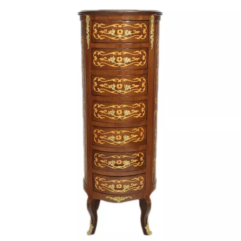 Exklusive und edele Kommode mit Wurzelholz im Barockstil mit 7 Schubladen . Handgefertigt aus massivem Pinienholz ist die Kommode robust und schwer. Da echtes Wurzelholz verarbeitet wird, kann die Farbe vom Foto leicht abweichen.
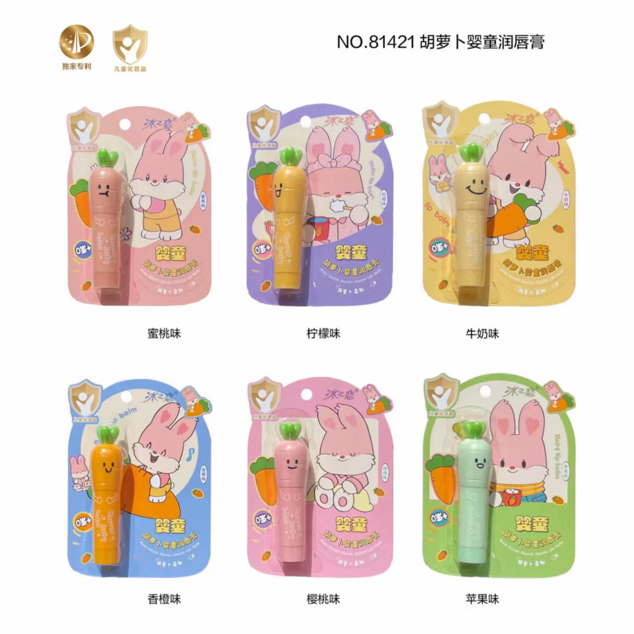 2025 アイスラブニンジン子供用リップクリーム漫画紙リップクリームフルーツフレーバーホワイトニングさまざまなオプション
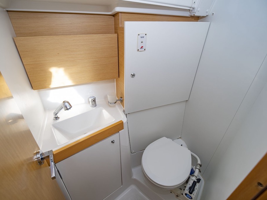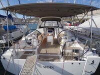 The Beneteau Oceanis 38 is tailored for versatility, with a design that caters to both the enthusiastic sailor and the leisure-seeking family. She features a large cockpit and a spacious interior, providing ample room for guests. The yacht also includes large windows and skylights that enhance the interior with natural light, contributing to a more open and airy atmosphere. Its performance is marked by stability and speed, thanks to the chined hull and dual rudders, which ensure easy handling and a responsive sailing experience. She's also equipped with a convenient rear platform that lowers to sea level, facilitating easy access for swimming and relaxation activities. This makes her an excellent choice for those looking to enjoy extended cruises or weeken sailing adventures.
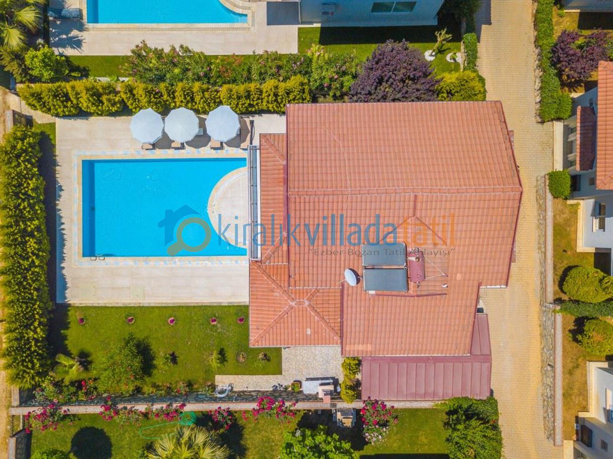 Özel yüzme havuzu, geniş güneşlenme alanı ve bahçe kullanımı sayesinde gün boyu konforlu ve özgür bir tatil atmosferi sağlanır. Modern çizgilerle dekore edilen iç mekânlar; uzun süreli konaklamalarda dahi rahatlık sunacak şekilde fonksiyonel ve ferah olarak tasarlanmıştır. Merkeze yakın konumu sayesinde hem sakin bir ortam hem de sosyal alanlara hızlı erişim avantajı bir arada sunulur.

------------------------------------------------------------------------

■ **Brief**: Every line of the listing should be repeated exactly; no picture should appear.

■ **Output of the exercise**:
 Exklusive und edele Kommode mit Wurzelholz im Barockstil mit 7 Schubladen . Handgefertigt aus massivem Pinienholz ist die Kommode robust und schwer. Da echtes Wurzelholz verarbeitet wird, kann die Farbe vom Foto leicht abweichen.
 2025 アイスラブニンジン子供用リップクリーム漫画紙リップクリームフルーツフレーバーホワイトニングさまざまなオプション
 The Beneteau Oceanis 38 is tailored for versatility, with a design that caters to both the enthusiastic sailor and the leisure-seeking family. She features a large cockpit and a spacious interior, providing ample room for guests. The yacht also includes large windows and skylights that enhance the interior with natural light, contributing to a more open and airy atmosphere. Its performance is marked by stability and speed, thanks to the chined hull and dual rudders, which ensure easy handling and a responsive sailing experience. She's also equipped with a convenient rear platform that lowers to sea level, facilitating easy access for swimming and relaxation activities. This makes her an excellent choice for those looking to enjoy extended cruises or weeken sailing adventures.
 Özel yüzme havuzu, geniş güneşlenme alanı ve bahçe kullanımı sayesinde gün boyu konforlu ve özgür bir tatil atmosferi sağlanır. Modern çizgilerle dekore edilen iç mekânlar; uzun süreli konaklamalarda dahi rahatlık sunacak şekilde fonksiyonel ve ferah olarak tasarlanmıştır. Merkeze yakın konumu sayesinde hem sakin bir ortam hem de sosyal alanlara hızlı erişim avantajı bir arada sunulur.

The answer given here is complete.